The RXR protein of RXR homo- and heterodimers has been observed to be regulated by 9-cis retinoic acid, which binds to the carboxy-teminus of RXR (Mangelsdorf and Evans, 1995). RXR can form heterodimers with numerous other proteins in the nuclear receptor superfamily, including LXR. Depending on the receptor protein that dimerizes with RXR, and the ligands present, the resulting effects of the heterodimer on transcription can vary. Synthetic retinoids have been found to selectively bind and activate RXRs (U.S. Pat. No. 5,780,676 and U.S. Pat. No. 5,455,265).

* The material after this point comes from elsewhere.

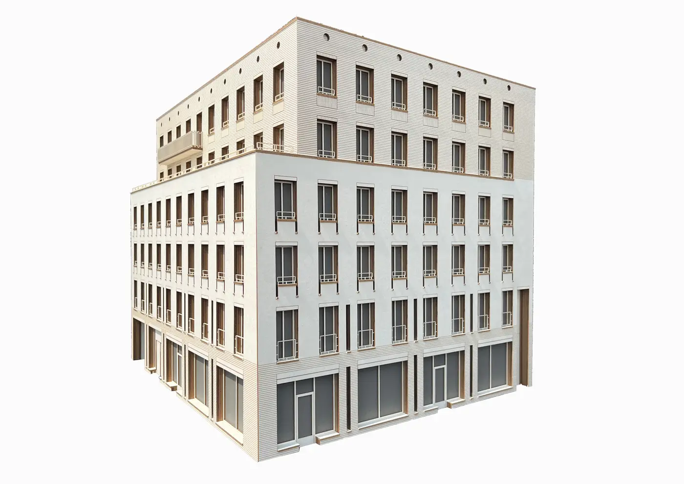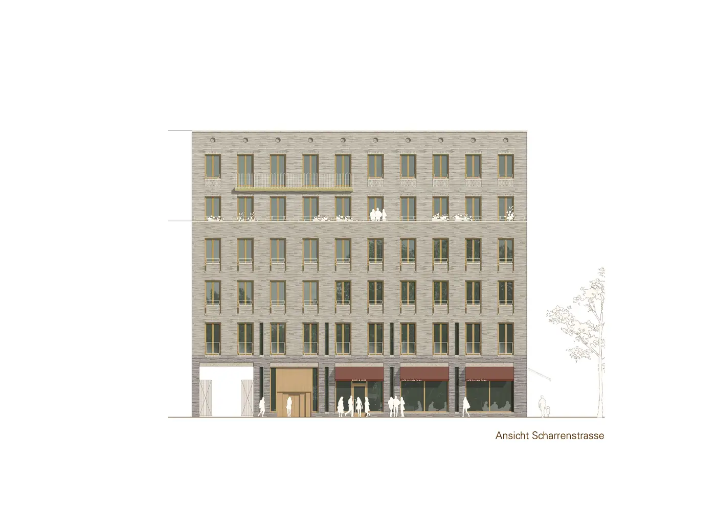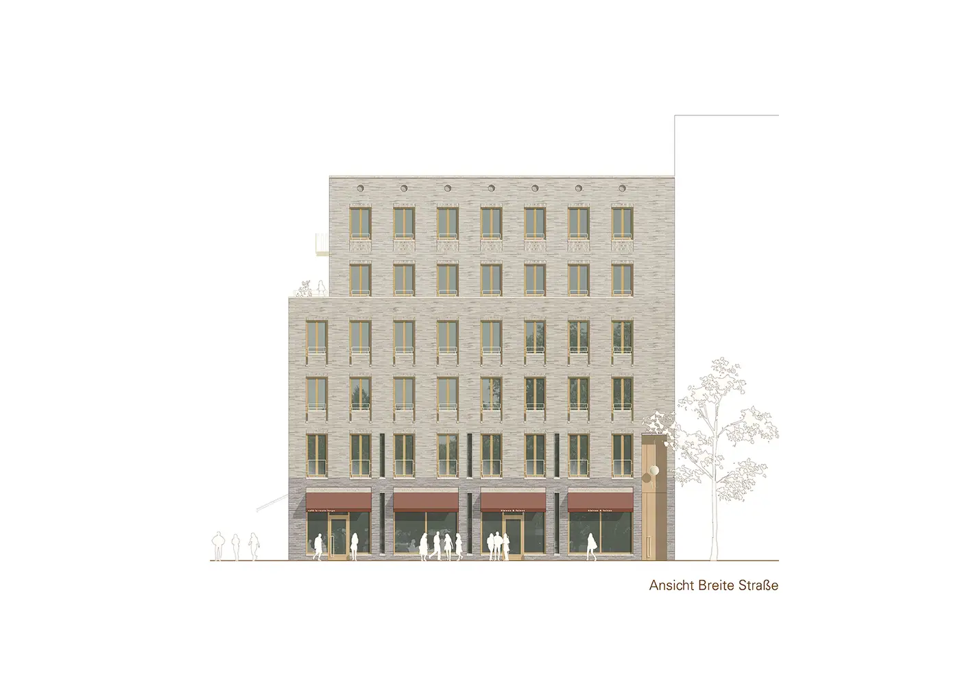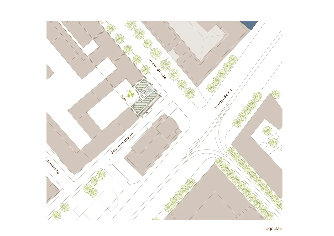 Durch die Ecklage des Baukörpers an der Scharrenstraße und der Breiten Straße wird das Gebäude als Übergang zu den kommenden vielfältig gestalteten Blockrandbebauungen der Scharrenstraße sowie der Breiten Straße verstanden.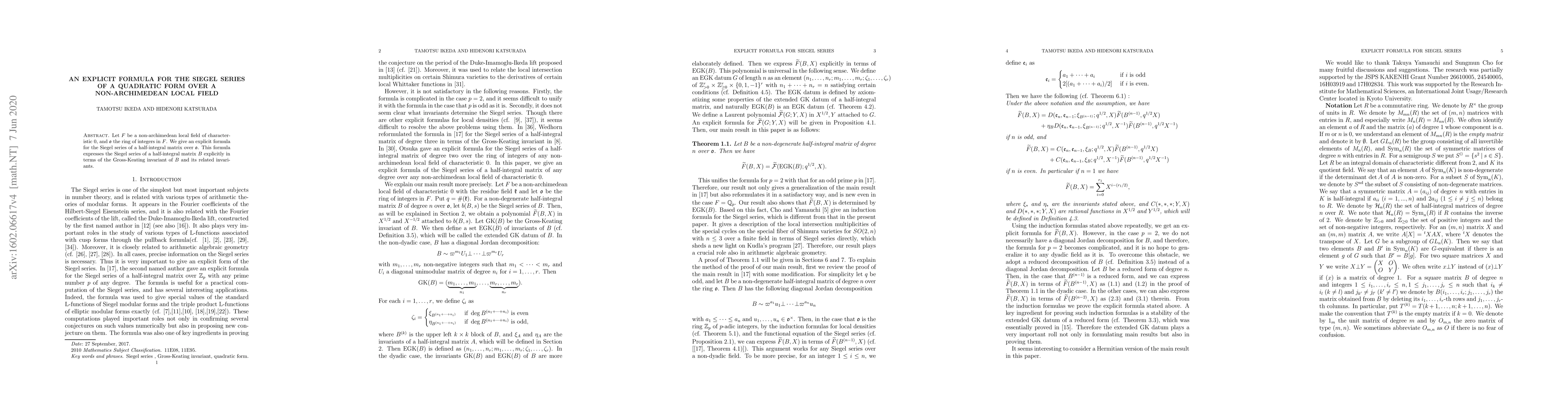 This paper provides an explicit formula for the Siegel series of a half-integral matrix over a non-archimedian local field, expressing it in terms of the Gross-Keating invariant and related invariants. The formula enhances the understanding of the series' structure in this context.

The potential to modulate lipid concentrations in vivo, by targeting proteins of the nuclear hormone receptor superfamily with specific ligands would be particularly useful in the treament of various diseases related to lipid metabolism. For example, high blood cholesterol levels are associated with coronary disease. Lowering dietary cholesterol intake can significantly reduce cholesterol levels in most people. However, lowering dietary intake of cholesterol often is not enough, as certain individuals sustain high cholesterol blood levels due to inefficient endogenous cholesterol homeostasis. Thus, the ability to reduce blood cholesterol levels would prove to be extremely beneficial to these individuals. Currently, there are various drugs that are administered to treat hypercholesterolemia and other abnormal blood lipid levels. For example, cholestyramine and colestipol are resins that bind bile acids in the intestinal tract, causing the liver to increase its production of bile acids and thus lower the cholesterol levels, by converting cholesterol into bile acid. However, the efficacy of these drugs is low, they are unpleasant to take, and result in constipation and bloating. Nicotinic acid, gemfibrizol, probucol, and lovastatin also are drugs used to lower blood lipid levels, but each has undesirable side effects associated with it. For example, probucol lowers total cholesterol levels, but also results in the undesirable lowering of HDL cholesterol.
Given the high incidence of coronary artery disease in the United States and its association with high cholesterol, there is a high demand for a treatment that can lower cholesterol levels without adverse side effects. Furthermore, a treatment that can lower LDL cholesterol levels, without affecting total lipid levels is highly desirable.